In its simplest term, acceleration is the rate
of change of velocity of a moving object w.r.t. time.
When velocity changes, acceleration occurs.

- ● What is acceleration
- ● Velocity and acceleration
- ● Uniform and non-uniform acceleration
- ● Average acceleration
- ● Instantenous acceleration

Before understanding the term acceleration, please have a look in the pages
displacement
and velocity .

Let an object move with a velocity of 9 meter/sec.,
which does not change throughout a certain period of time.
This is defined as **constant velocity.**

In such case, there is **no acceleration**.
At any point of the travel-path, the velocity will be exactly 9 meter/sec.

If the said object changes its velocity due to some reason,
say, from 9 meter/sec. to
12 meter/sec. after a certain
period of time, then the object is said to have gained **acceleration**.

Even if the object changes its direction without changing the current speed,
still it gains acceleration.
Simply, acceleration is defined by the fact how fast the velocity is changing.

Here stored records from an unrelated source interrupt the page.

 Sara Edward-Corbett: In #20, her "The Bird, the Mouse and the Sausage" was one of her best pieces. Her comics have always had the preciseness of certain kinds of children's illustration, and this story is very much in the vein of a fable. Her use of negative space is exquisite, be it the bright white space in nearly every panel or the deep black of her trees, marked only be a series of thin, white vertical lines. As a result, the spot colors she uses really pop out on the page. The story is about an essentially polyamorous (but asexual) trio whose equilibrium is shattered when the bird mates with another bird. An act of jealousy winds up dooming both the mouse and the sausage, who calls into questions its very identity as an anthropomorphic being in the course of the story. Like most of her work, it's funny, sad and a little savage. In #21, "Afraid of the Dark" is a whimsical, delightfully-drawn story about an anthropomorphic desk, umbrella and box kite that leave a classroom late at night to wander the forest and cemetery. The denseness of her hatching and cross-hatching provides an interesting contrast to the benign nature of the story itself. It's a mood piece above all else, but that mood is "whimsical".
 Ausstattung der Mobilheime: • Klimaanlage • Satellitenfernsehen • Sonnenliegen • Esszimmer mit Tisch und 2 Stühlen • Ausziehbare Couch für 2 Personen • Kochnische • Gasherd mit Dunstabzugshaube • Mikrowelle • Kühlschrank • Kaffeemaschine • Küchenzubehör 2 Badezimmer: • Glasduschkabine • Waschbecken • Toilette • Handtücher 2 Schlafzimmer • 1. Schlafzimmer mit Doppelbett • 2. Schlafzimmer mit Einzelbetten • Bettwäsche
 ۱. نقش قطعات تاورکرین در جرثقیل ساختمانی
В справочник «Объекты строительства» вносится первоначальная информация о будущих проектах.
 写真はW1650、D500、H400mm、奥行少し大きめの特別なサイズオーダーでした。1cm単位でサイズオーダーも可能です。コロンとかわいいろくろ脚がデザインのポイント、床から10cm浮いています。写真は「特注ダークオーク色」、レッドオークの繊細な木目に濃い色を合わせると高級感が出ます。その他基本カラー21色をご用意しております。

Click the following three buttons to animate the toy-cars.
In case of the green car, there is a constant velocity.
It travels at the rate of 3 meter per second, or
**21m** in **7** seconds; this velocity is expressed
as 3 m/sec,
and read as 3 meter per second.

There is no change in velocity throughout the path.
At any instant of the path, velocity is exactly 3 m/sec.
So there is no acceleration, or acceleration = 0.

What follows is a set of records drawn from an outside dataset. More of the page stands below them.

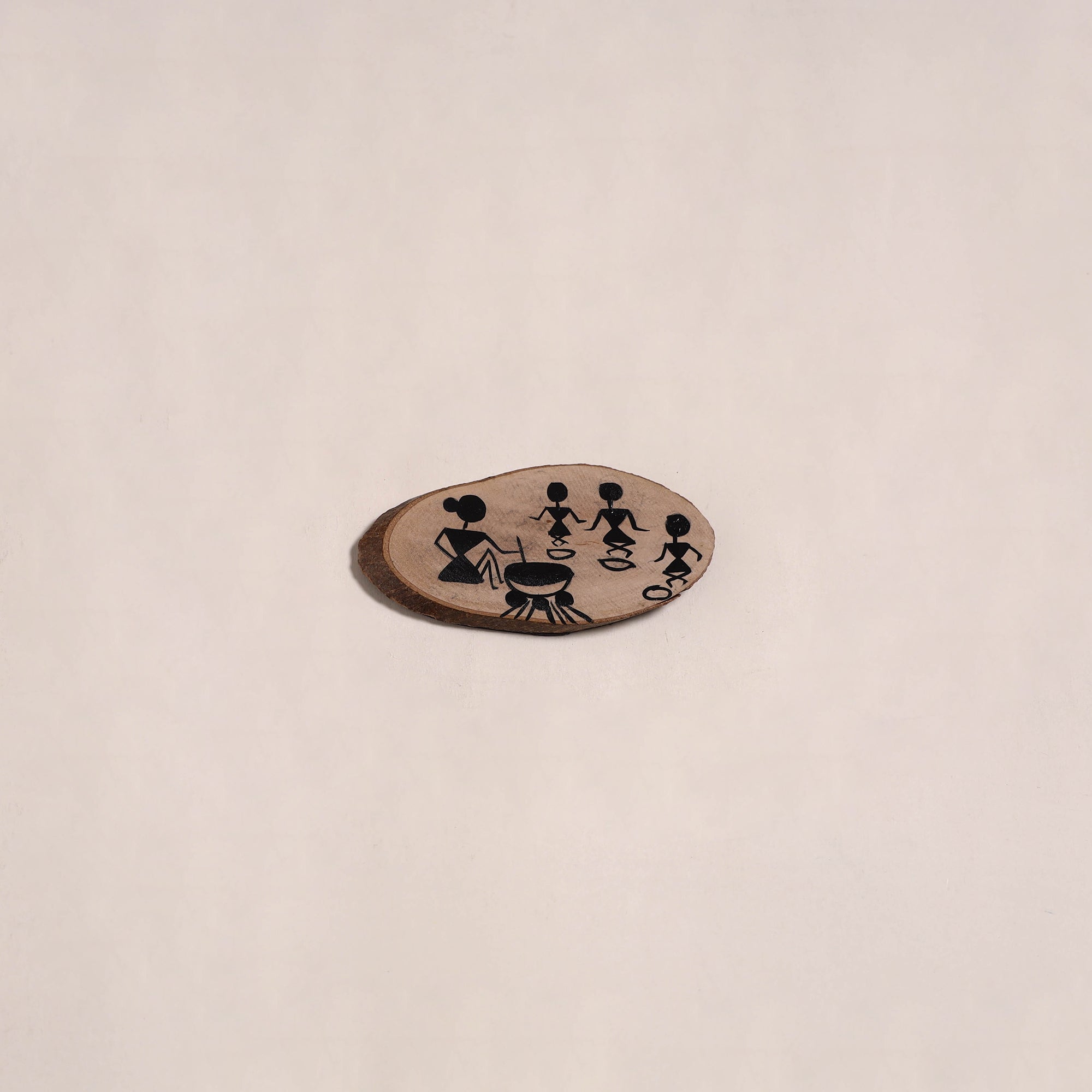 Brown handpainted fridge magnet crafted on wood using acrylic colors. It showcases the warli art known for its simple geometric figures and scenes of daily life. This magnet adds a touch of art and charm to your fridge or any metal surface.
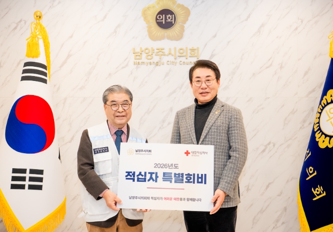 남양주시의회는 23일 의장실에서 대한적십자사 경기도지사에 2026년도 적십자 특별회비를 전달했다.
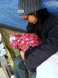 嬰兒的啼哭聲引起了我的注意,於是我走近其中一家的棚子,想詢問一下情況。地震發生時,付秋蓉趕緊跳上床抱住剛滿30天的孩子,卻一起被地震搖到床下。她抱著孩子,和丈夫竹禹舟躲到了衛生間。
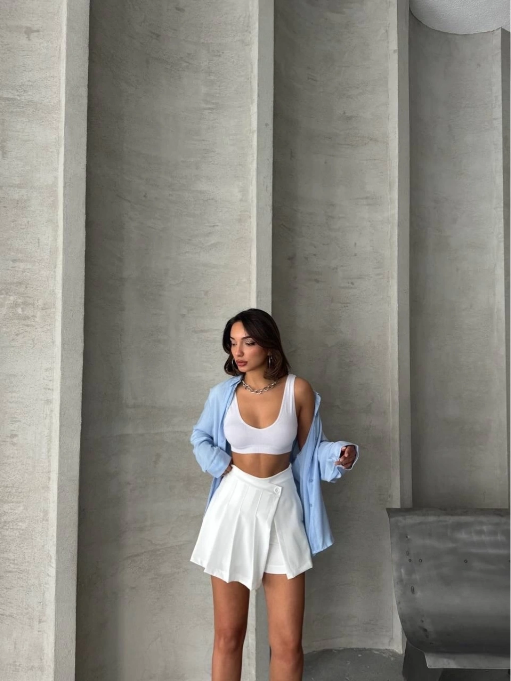 Bu beyaz piliseli düğmeli şort etek, yaz aylarında şıklığı ve rahatlığı bir arada arayan kadınların vazgeçilmezi olacak. İster günlük şıklıkta isterseniz özel bir davette tercih edebileceğiniz bu şort etek, gardırobunuzun en favori parçalarından biri olmaya aday.
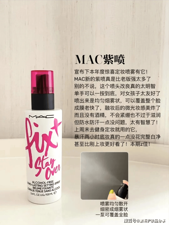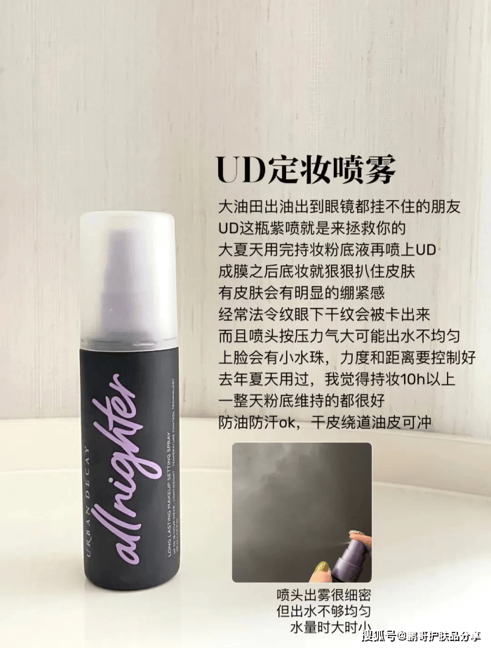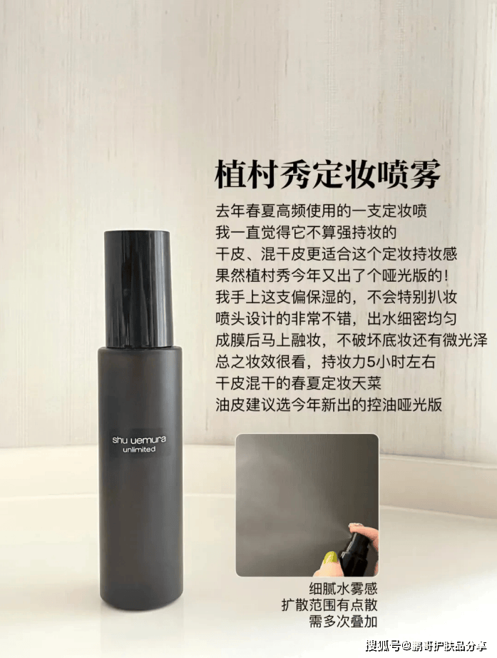 日常用,帮助减少出油,妆也不易蹭花...,水雾不算细腻,喷的时候要拉开一点距离,成膜很快,是带微微光泽的自然妆感。不挑肤质,一年四季都很适合。

But in case of the red car, it starts with an initial velocity of zero
(it starts from rest) when time=0, or t=0.

Then in the 1st second it travels 1 meter, so velocity is 1 m/sec.
But in the 2nd second, it travels another 2 meter,
so velocity at 2nd second is 2 m/sec.
In the 3rd second the car travels another
3 meter (velocity now is 3 m/sec), and so on.
At the 6th. second,
the car has a velocity of 6 m/sec.

Different velocity at different time | |||
---|---|---|---|

Time | Travelled distance | Velocity | Total distance travelled |

During 1st sec | 1 m. | 1 m/sec. | 1 m. |

During 2nd sec | 2 m. | 2 m/sec. | 1 + 2 = 3 m. |

During 3rd sec | 3 m. | 3 m/sec. | 3 + 3 = 6 m. |

During 4rth sec | 4 m. | 4 m/sec. | 6 + 4 = 10 m. |

During 5th sec | 5 m. | 5 m/sec. | 10 + 5 = 15 m. |

During 6th sec | 6 m. | 6 m/sec. | 15 + 6 = 21 m. |

The velocity changes by
1 meter per second in every second,
which implies that the acceleration here is
1 meter per second per second.
This is the unit of acceleration, which can be written as
1 m/sec/sec or
1 m/sec² or
1 m.sec⁻² .

**Units of acceleration :** The SI unit of acceleration is
meter/second/second or
m/sec² or
m.sec⁻².
It may actually be expressed in the format length/time/time.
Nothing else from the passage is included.